We know that people improvise and that they are inconsistent in the ways they approach energy-saving in their homes. How can we help them harness these improvisory tendencies to reduce energy demand? And how can inconsistency be better recognized as a feature of everyday living that design can accommodate.

 

Making the home ‘feel right’

We were interested in how participants in our research made and experienced the sensory aesthetics of their homes. In our project we conceptualized this as the process of making the home ‘feel right’.

We understood this as an ongoing activity, and a process that does not have an end. It is not perhaps ever achieved in any absolute sense. We found that our participants were ongoingly using the resources around and associated with their homes to create a particular environment of home. By studying how people make their homes ‘feel right’ then we can learn how they need to use energy to do this, and therefore this helps us to know what constitutes energy demand.

Intervention implications

There are 2 related design implications:

Approach

One of the first things we asked our participants to do was to show us what they felt they needed to do to make their homes ‘feel right’. Four core themes are relevant here:

 

Movement through the home

As part of our research design we asked how people move around in their homes, with a particular focus on movement at key transition moments in their daily routines.

Morning and bedtime routines were of particular interest to us and by following people as they showed us these routines we were able to learn about how different fundamental everyday activities were interwoven in these routines as they were played out. Therefore we learned for example that while studying those activities that use energy – like using digital media, using the washing machine, or showering – separately would tell us certain things about the meanings of those activities, by looking at how they fitted together as part of a routine of moving through the home we learned a lot more.

See Pink 2012,  Pink and Hjorth 2012, and Hjorth and Pink 2014.

Movement is a central concept in much of social theory about everyday life and therefore we were keen to be able to catch and engage with our participants as the moved around their homes. We had a hunch that what people did when they moved around their homes, in familiar routines, while doing habitual everyday activities and tasks would offer us interesting insights into how and where energy was consumed.

Of course people also sit still when consuming energy, but we believe that more attention needs to be paid to the ways in which people are mobile when at home, particularly in a context where locative and mobile media and the digital environments of home are very interwoven with everyday life.
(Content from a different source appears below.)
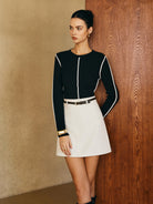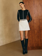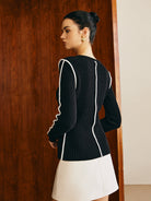 Le pull Alice joue sur les contrastes avec ses détails blancs qui viennent structurer la silhouette. Son tissu en maille côtelée extensible assure un ajustement parfait et un confort optimal.

When we visited some participant’s homes Sarah and Kerstin tended to spend quite a lot of time standing around with them talking. It was nearly winter during this part of our research and often by the time we left their homes we felt quite cold. We started to wonder why this might be. We came to the conclusion that perhaps it was because our participants didn’t need to heat their homes during the days when they were at home doing tasks, because in fact, given their descriptions of their activities they did not tend to spend their mornings at home sitting or standing around talking. Instead they were mobile, doing some domestic tasks, preparing breakfast, getting ready for work, showering, attending to young children. Likewise when we asked participants to reenact their morning routines for us, they tended to show us little time spend sitting around – their children would often sit to watch the TV, but our participants tended to have a series of other tasks to do in the morning, including laundry, or breakfast making.

Intervention implications

This exercise taught us that if we want to help people to use less energy when doing the laundry, or showering, for example we might need to look at the whole routine through which they do those activities, rather than those activities in isolation. This indeed helps to solve some of the problems that designers have reported when trying to design new ways of showering.